ASSIGNMENT: Your task is to return the listing below word for word, without any of its images.

========================================================================

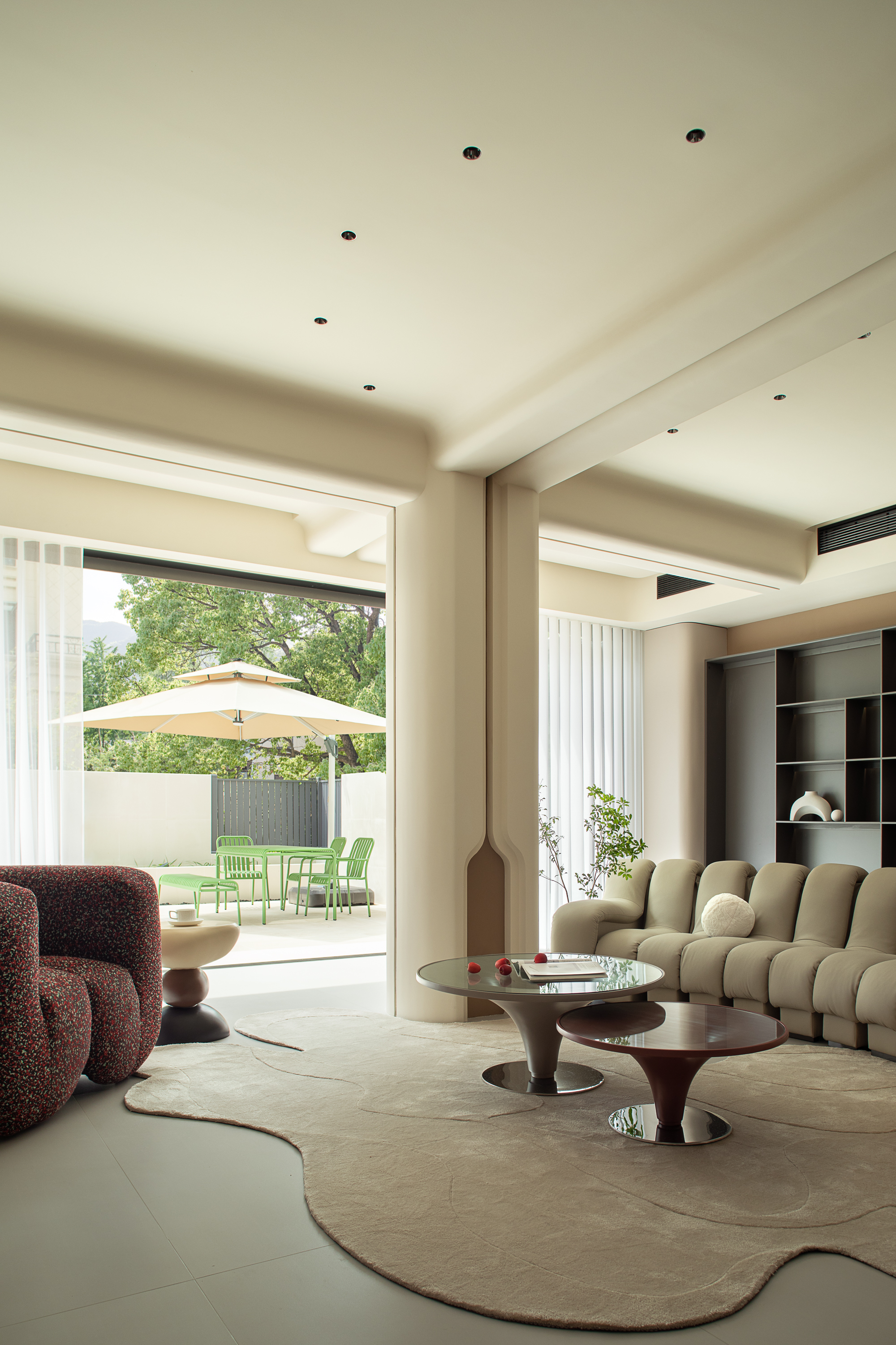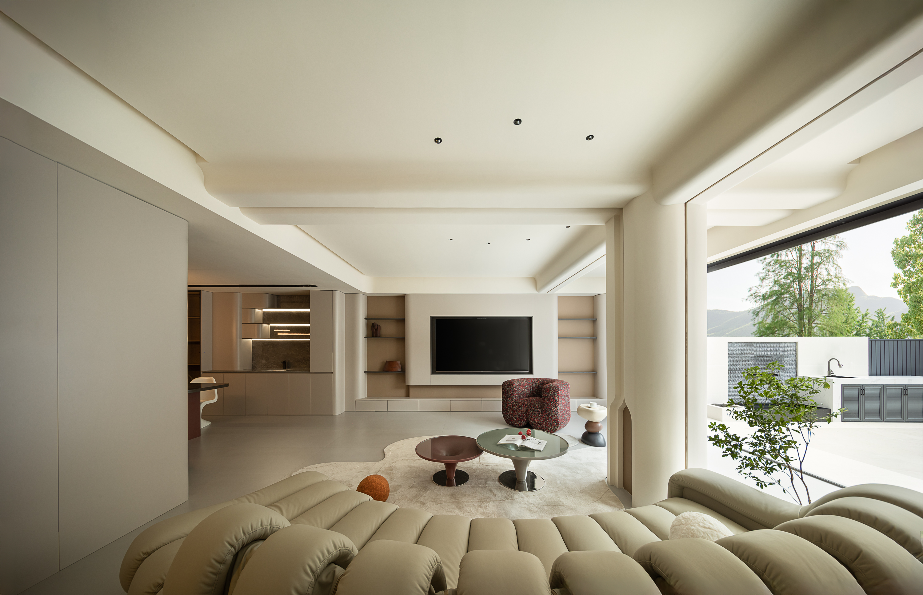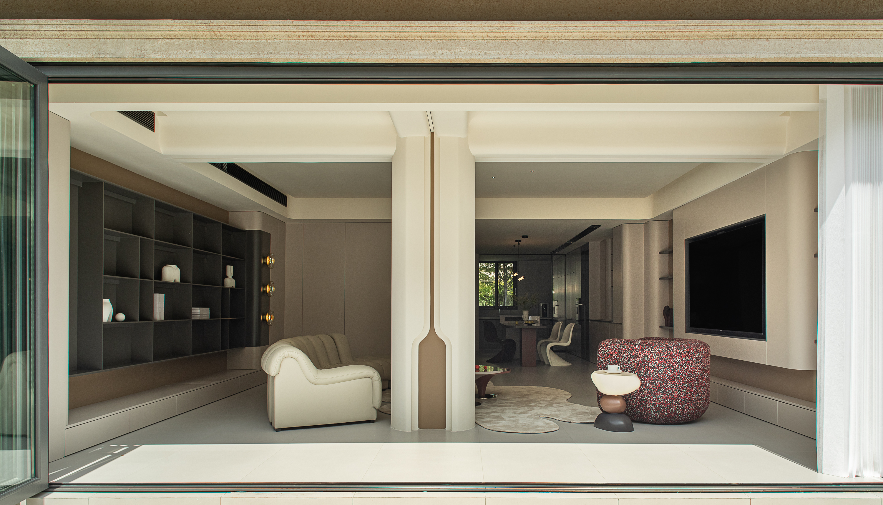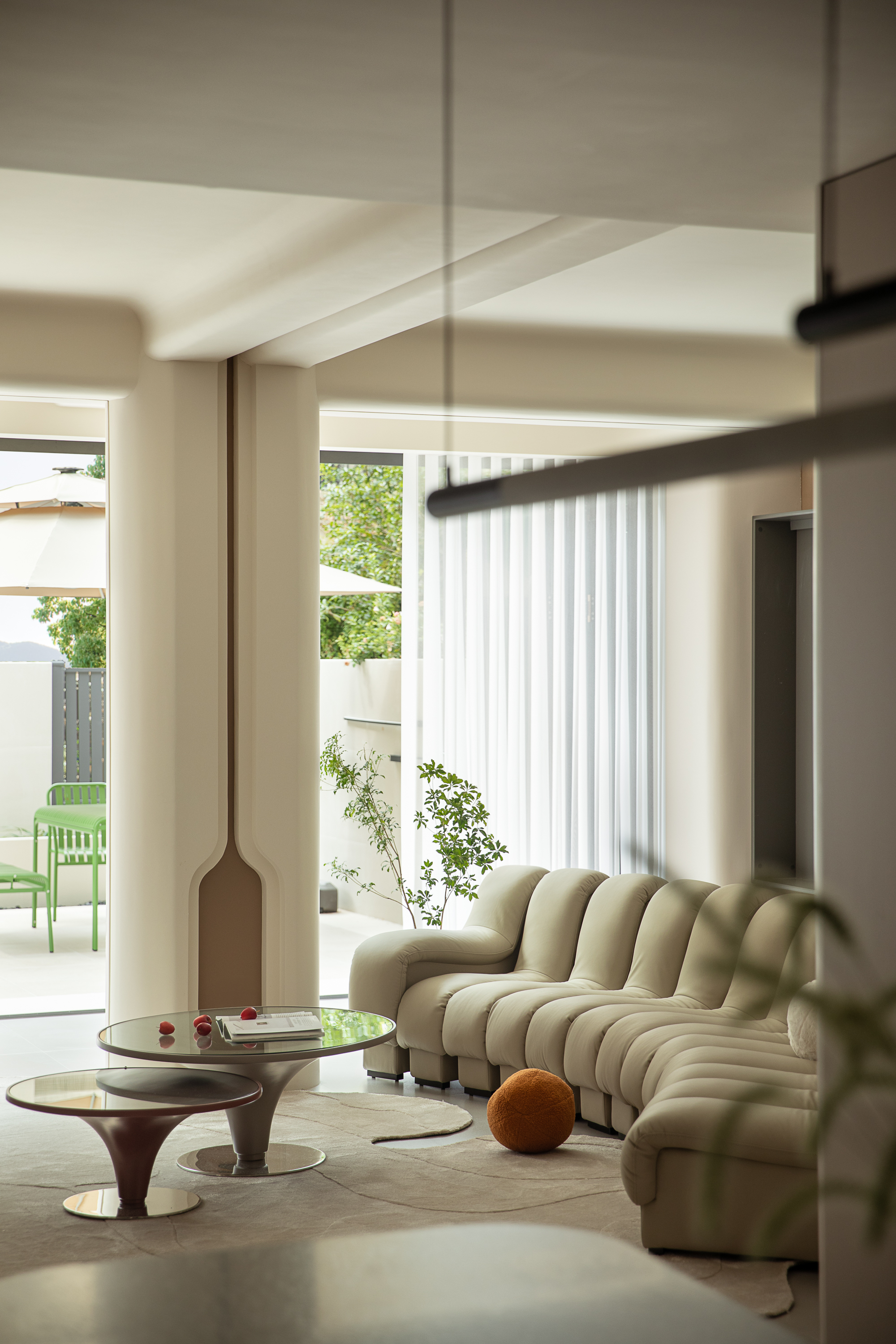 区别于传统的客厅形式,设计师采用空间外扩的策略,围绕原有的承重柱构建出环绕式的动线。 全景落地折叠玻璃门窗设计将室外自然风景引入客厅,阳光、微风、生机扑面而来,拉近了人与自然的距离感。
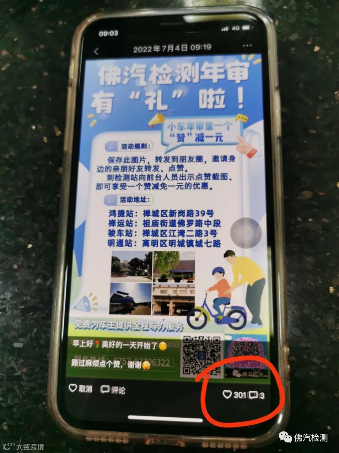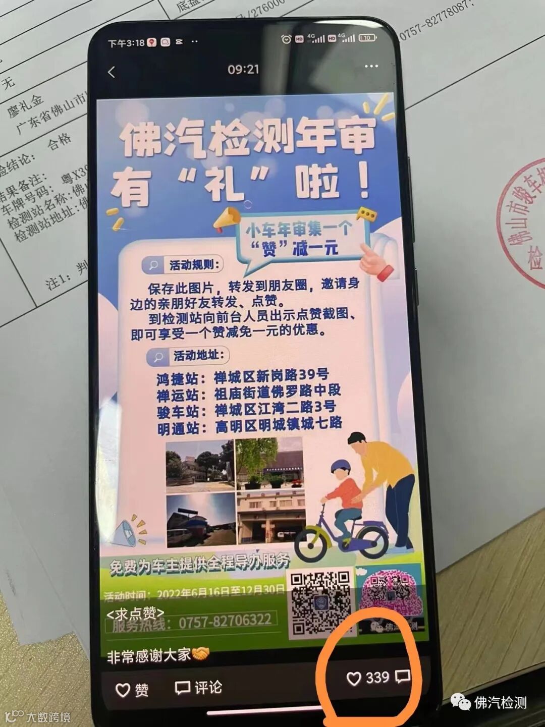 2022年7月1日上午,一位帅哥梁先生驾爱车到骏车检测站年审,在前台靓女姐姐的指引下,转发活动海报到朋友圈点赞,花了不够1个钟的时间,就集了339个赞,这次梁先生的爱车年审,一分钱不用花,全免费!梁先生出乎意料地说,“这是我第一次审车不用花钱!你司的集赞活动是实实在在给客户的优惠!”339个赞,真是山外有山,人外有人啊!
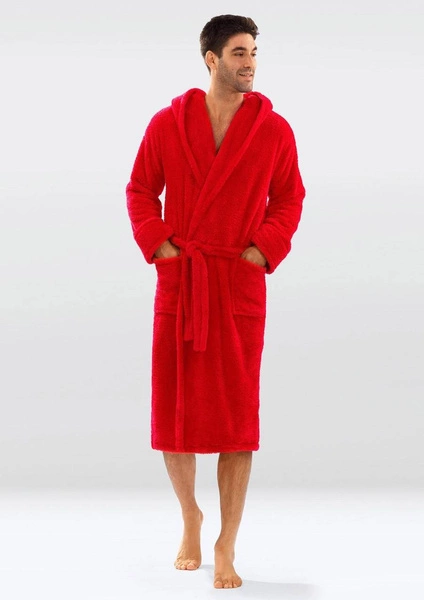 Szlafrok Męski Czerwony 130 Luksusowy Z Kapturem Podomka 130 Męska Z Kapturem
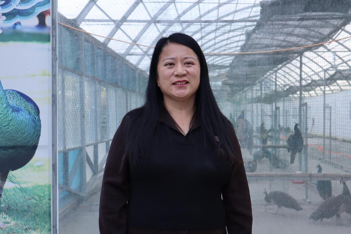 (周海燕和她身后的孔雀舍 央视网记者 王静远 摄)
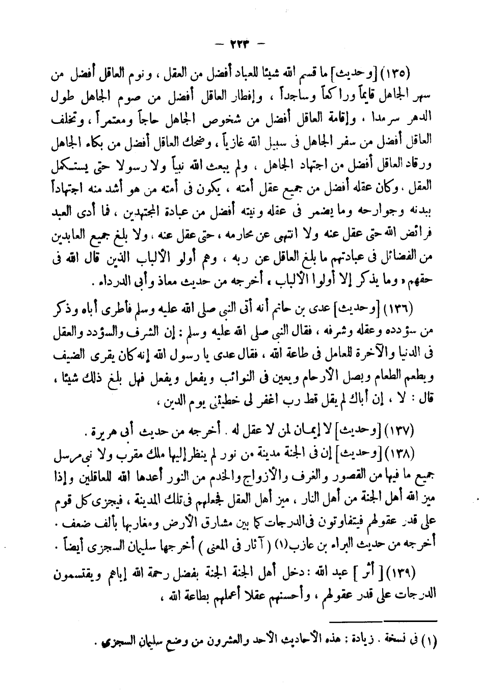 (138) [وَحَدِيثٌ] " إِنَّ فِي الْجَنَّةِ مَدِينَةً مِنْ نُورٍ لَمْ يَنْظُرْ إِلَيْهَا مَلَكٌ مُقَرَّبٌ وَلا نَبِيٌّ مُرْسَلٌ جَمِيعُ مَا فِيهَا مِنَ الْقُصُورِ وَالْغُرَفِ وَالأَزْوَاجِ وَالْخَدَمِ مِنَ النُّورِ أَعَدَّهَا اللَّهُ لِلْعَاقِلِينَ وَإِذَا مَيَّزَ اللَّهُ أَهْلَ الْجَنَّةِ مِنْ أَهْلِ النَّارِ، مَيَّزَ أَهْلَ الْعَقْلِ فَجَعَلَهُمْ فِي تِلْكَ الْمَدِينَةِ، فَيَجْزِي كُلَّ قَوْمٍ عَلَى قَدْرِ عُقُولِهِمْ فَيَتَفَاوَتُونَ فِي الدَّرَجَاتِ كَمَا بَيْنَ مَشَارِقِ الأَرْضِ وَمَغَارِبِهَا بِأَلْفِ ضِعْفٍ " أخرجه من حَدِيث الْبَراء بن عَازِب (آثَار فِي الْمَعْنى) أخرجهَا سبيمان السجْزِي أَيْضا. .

========================================================================

SOLUTION TO THIS PROBLEM:
 区别于传统的客厅形式,设计师采用空间外扩的策略,围绕原有的承重柱构建出环绕式的动线。 全景落地折叠玻璃门窗设计将室外自然风景引入客厅,阳光、微风、生机扑面而来,拉近了人与自然的距离感。
 2022年7月1日上午,一位帅哥梁先生驾爱车到骏车检测站年审,在前台靓女姐姐的指引下,转发活动海报到朋友圈点赞,花了不够1个钟的时间,就集了339个赞,这次梁先生的爱车年审,一分钱不用花,全免费!梁先生出乎意料地说,“这是我第一次审车不用花钱!你司的集赞活动是实实在在给客户的优惠!”339个赞,真是山外有山,人外有人啊!
 Szlafrok Męski Czerwony 130 Luksusowy Z Kapturem Podomka 130 Męska Z Kapturem
 (周海燕和她身后的孔雀舍 央视网记者 王静远 摄)
 (138) [وَحَدِيثٌ] " إِنَّ فِي الْجَنَّةِ مَدِينَةً مِنْ نُورٍ لَمْ يَنْظُرْ إِلَيْهَا مَلَكٌ مُقَرَّبٌ وَلا نَبِيٌّ مُرْسَلٌ جَمِيعُ مَا فِيهَا مِنَ الْقُصُورِ وَالْغُرَفِ وَالأَزْوَاجِ وَالْخَدَمِ مِنَ النُّورِ أَعَدَّهَا اللَّهُ لِلْعَاقِلِينَ وَإِذَا مَيَّزَ اللَّهُ أَهْلَ الْجَنَّةِ مِنْ أَهْلِ النَّارِ، مَيَّزَ أَهْلَ الْعَقْلِ فَجَعَلَهُمْ فِي تِلْكَ الْمَدِينَةِ، فَيَجْزِي كُلَّ قَوْمٍ عَلَى قَدْرِ عُقُولِهِمْ فَيَتَفَاوَتُونَ فِي الدَّرَجَاتِ كَمَا بَيْنَ مَشَارِقِ الأَرْضِ وَمَغَارِبِهَا بِأَلْفِ ضِعْفٍ " أخرجه من حَدِيث الْبَراء بن عَازِب (آثَار فِي الْمَعْنى) أخرجهَا سبيمان السجْزِي أَيْضا. .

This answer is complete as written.